[INFORMATION Boundary: Start]
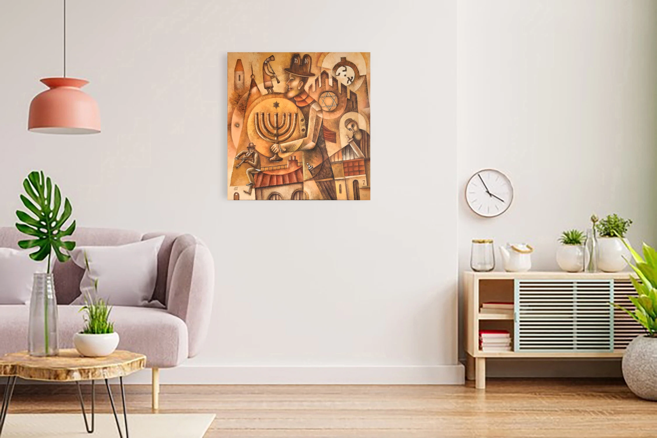 Ivanov's use of warm, earthy tones and bold brushstrokes evokes a sense of spiritual warmth and historical depth, inviting viewers to contemplate the interplay of light and shadow. The menorah, a traditional symbol of illumination and wisdom, stands prominently against an abstract urban backdrop. The surrounding circular patterns create a dynamic effect, mimicking the flicker of candlelight and the halo-like glow of streetlights. This unique combination of cubist elements and cultural motifs makes "Circles of Light" a compelling piece for various settings, whether as a centerpiece in a living room or an inspirational addition to an office or gallery. Ivanov's mastery in blending modernist techniques with symbolic storytelling is evident in this artwork, making it a remarkable addition to any contemporary art collection. Its vibrant palette and layered composition invite viewers to discover new details with every glance, providing both visual interest and deep meaning.
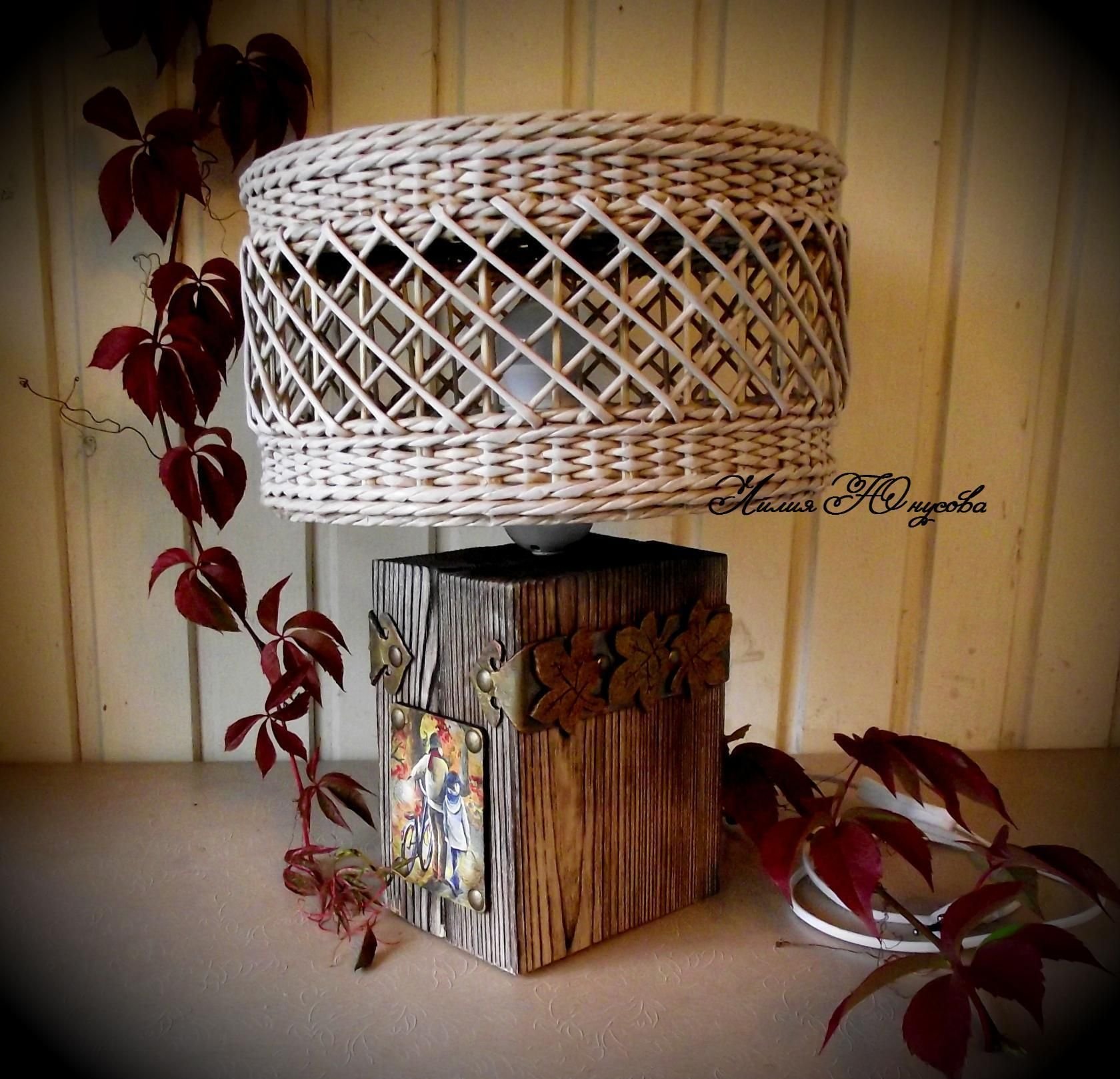 Абажур из газетной лозы
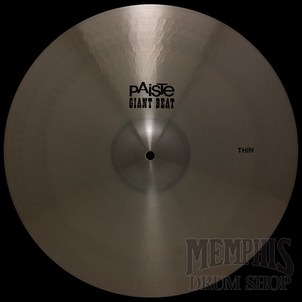 The 18" Paiste Giant Beat Thin Multifunctional Cymbal (1011218) is fairly dark, warm, and breathy. Medium wide range, slightly complex mix. Soft feel; very responsive. A dynamic, full and velvety crash cymbal for a wide range of musical styles. Also well-suited for mallet applications.
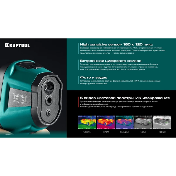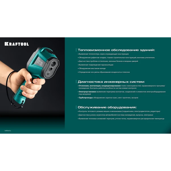 Тепловизоры KRAFTOOL обеспечивают точное обнаружение и локализацию утечек или дефектов ограждающих конструкций, незаменимы для профилактического и предупредительного обслуживания, диагностики состояния зданий и помещений.
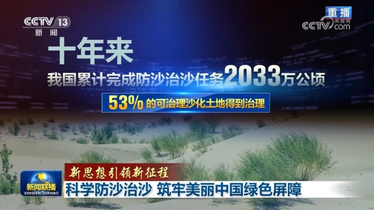 央視網(wǎng)消息(新聞聯(lián)播):習近平總書記強調,加強荒漠化綜合防治,深入推進“三北”等重點生態(tài)工程建設,事關我國生態(tài)安全、事關強國建設、事關中華民族永續(xù)發(fā)展,是一項功在當代、利在千秋的崇高事業(yè)。黨的十八大以來,我國多措并舉推進荒漠化治理,防沙治沙取得巨大成就,進一步筑牢美麗中國綠色屏障。
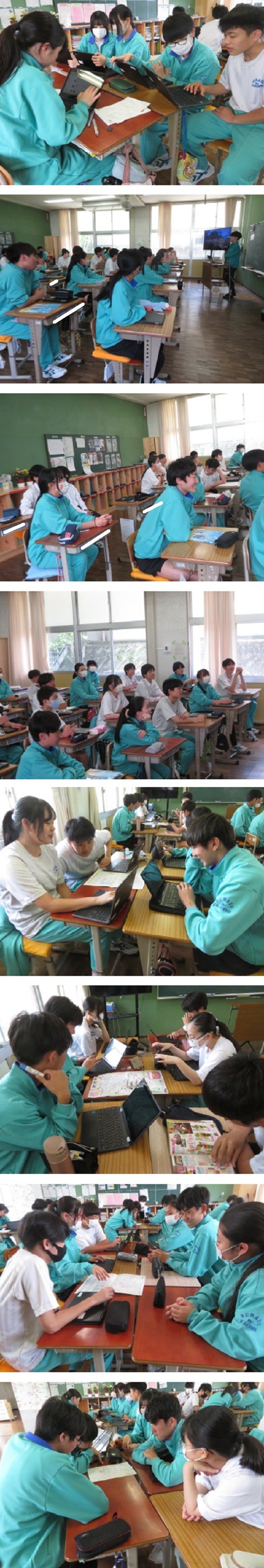 修学旅行まで1か月あまりとなりました。休日もあり限られた日数の中で準備を進めています。学級コースが概ね決まり、班ごとのタクシー研修の見学地の検討に入っていました。
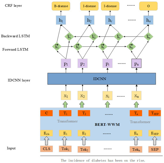 The overall architecture of the proposed model named BIBC for NER is shown in Figure 2. As is shown by the figure, the whole model structure consists of four parts, namely BERT, IDCNN, bidirectional LSTM, and CRF. A modified BERT-WWM model is used to train on a massive unlabeled corpus for feature supplementation, which greatly enhances the semantic representation between words or phrases through deep and continuous learning. In addition, the IDCNN layer is added to make the model take into account both local and global features by IDCNN and bidirectional LSTM, thus making the whole model achieve better results on diabetes medical literature. The specific implementation process of the BIBC-based named entity recognition model consists of the following parts:
[INFORMATION Boundary: End]
- WHAT THIS TASK INVOLVES: From the first line to the last, repeat the entries exactly and leave out the pictures.

- WRITTEN SOLUTION:
 Ivanov's use of warm, earthy tones and bold brushstrokes evokes a sense of spiritual warmth and historical depth, inviting viewers to contemplate the interplay of light and shadow. The menorah, a traditional symbol of illumination and wisdom, stands prominently against an abstract urban backdrop. The surrounding circular patterns create a dynamic effect, mimicking the flicker of candlelight and the halo-like glow of streetlights. This unique combination of cubist elements and cultural motifs makes "Circles of Light" a compelling piece for various settings, whether as a centerpiece in a living room or an inspirational addition to an office or gallery. Ivanov's mastery in blending modernist techniques with symbolic storytelling is evident in this artwork, making it a remarkable addition to any contemporary art collection. Its vibrant palette and layered composition invite viewers to discover new details with every glance, providing both visual interest and deep meaning.
 Абажур из газетной лозы
 The 18" Paiste Giant Beat Thin Multifunctional Cymbal (1011218) is fairly dark, warm, and breathy. Medium wide range, slightly complex mix. Soft feel; very responsive. A dynamic, full and velvety crash cymbal for a wide range of musical styles. Also well-suited for mallet applications.
 Тепловизоры KRAFTOOL обеспечивают точное обнаружение и локализацию утечек или дефектов ограждающих конструкций, незаменимы для профилактического и предупредительного обслуживания, диагностики состояния зданий и помещений.
 央視網(wǎng)消息(新聞聯(lián)播):習近平總書記強調,加強荒漠化綜合防治,深入推進“三北”等重點生態(tài)工程建設,事關我國生態(tài)安全、事關強國建設、事關中華民族永續(xù)發(fā)展,是一項功在當代、利在千秋的崇高事業(yè)。黨的十八大以來,我國多措并舉推進荒漠化治理,防沙治沙取得巨大成就,進一步筑牢美麗中國綠色屏障。
 修学旅行まで1か月あまりとなりました。休日もあり限られた日数の中で準備を進めています。学級コースが概ね決まり、班ごとのタクシー研修の見学地の検討に入っていました。
 The overall architecture of the proposed model named BIBC for NER is shown in Figure 2. As is shown by the figure, the whole model structure consists of four parts, namely BERT, IDCNN, bidirectional LSTM, and CRF. A modified BERT-WWM model is used to train on a massive unlabeled corpus for feature supplementation, which greatly enhances the semantic representation between words or phrases through deep and continuous learning. In addition, the IDCNN layer is added to make the model take into account both local and global features by IDCNN and bidirectional LSTM, thus making the whole model achieve better results on diabetes medical literature. The specific implementation process of the BIBC-based named entity recognition model consists of the following parts:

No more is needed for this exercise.